On Thu, 29 May 2025 12:17:38 +0800
Pingfan Liu <piliu at redhat.com> wrote:
> In the security kexec_file_load case, the buffer which holds the kernel
> image is invisible to the userspace.
>
> The common data flow in bpf scheme is from kernel to bpf-prog. In the
> case of kexec_file_load, the kexec component needs to buffer the parsed
> result by bpf-prog (opposite the usual direction) to the next stage
> parsing. bpf_kexec_carrier() makes the opposite data flow possible. A
> bpf-prog can publish the parsed payload address to the kernel, and the
> latter can copy them for future use.
>
> Signed-off-by: Pingfan Liu <piliu at redhat.com>
> Cc: Alexei Starovoitov <ast at kernel.org>
> Cc: Daniel Borkmann <daniel at iogearbox.net>
> Cc: John Fastabend <john.fastabend at gmail.com>
> Cc: Andrii Nakryiko <andrii at kernel.org>
> Cc: Martin KaFai Lau <martin.lau at linux.dev>
> Cc: Eduard Zingerman <eddyz87 at gmail.com>
> Cc: Song Liu <song at kernel.org>
> Cc: Yonghong Song <yonghong.song at linux.dev>
> Cc: KP Singh <kpsingh at kernel.org>
> Cc: Stanislav Fomichev <sdf at fomichev.me>
> Cc: Hao Luo <haoluo at google.com>
> Cc: Jiri Olsa <jolsa at kernel.org>
> To: bpf at vger.kernel.org
> ---
> include/linux/bpf.h | 23 +++++
> kernel/bpf/Makefile | 2 +-
> kernel/bpf/helpers.c | 2 +
> kernel/bpf/helpers_carrier.c | 194 +++++++++++++++++++++++++++++++++++
> 4 files changed, 220 insertions(+), 1 deletion(-)
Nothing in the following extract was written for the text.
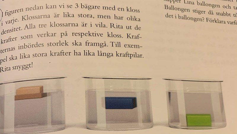 I fallet längst till höger kan inte lyftkraften motverka tyngdkraften ens när klossen är helt under vatten, därför sjunker den till botten. Väl på botten finns en normalkraft som tillsammans med lyftkraften motverkar tyngdkraften fullt ut.
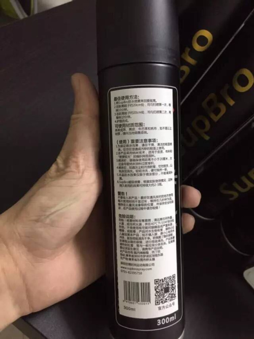 supbro美帝黑科技纳米防水防污喷雾剂 再次到货 半年等一回 好不好用看之前的评价 全球都在用的好货 口碑在外的神奇小黑瓶 300ml/瓶 保质期一年 使用量为13-15对鞋左右 防护时间13-15天左右 它的出现拯救了鞋子的GDP值 冬天的下雪天 下雨天怎么少得了它 再也不需要担心要洗鞋子了 革命性的喷雾纳米技术 适用范围不仅仅是球鞋 各类皮革 牛巴革和帆布鞋都可以完美喷涂 甚至是最难打理 最容易粘毛的麂皮用起来也毫无压力 45/瓶包邮 80/2瓶到手 担保正品 确保与全网统一88元的一模一样 欢迎大家去买一瓶88元的对比 咱家跑的就是性价比

> create mode 100644 kernel/bpf/helpers_carrier.c
>
[...]
> diff --git a/kernel/bpf/helpers_carrier.c b/kernel/bpf/helpers_carrier.c
> new file mode 100644
> index 0000000000000..c4e45fdf0ebb8
> --- /dev/null
> +++ b/kernel/bpf/helpers_carrier.c
> @@ -0,0 +1,194 @@
[...]
> +__bpf_kfunc int bpf_mem_range_result_put(struct mem_range_result *result)
I'm concerned about the use of kfuncs for our use case. I don't believe
they provide the stability we need.
With kexec we deal with two different kernels. The 1st kernel, aka. the
one that executes kexec to load the 2nd kernel, and the 2nd kernel that
is being loaded. In general both kernels are built from different
versions with different configs and it is expected that kexec works
even when both kernels are years apart.
The problem is that in our design the bpf-prog is part of the
image of and built from the sources of the 2nd kernel, but runs in the
1st kernel. So the definitions of the kfuncs in both kernels have to
match. What makes it worse is that for it to work with secure boot the
kernel image, including the bpf-prog, needs to be signed. Which means
that the bpf-prog is fixed after build and can no longer be updated.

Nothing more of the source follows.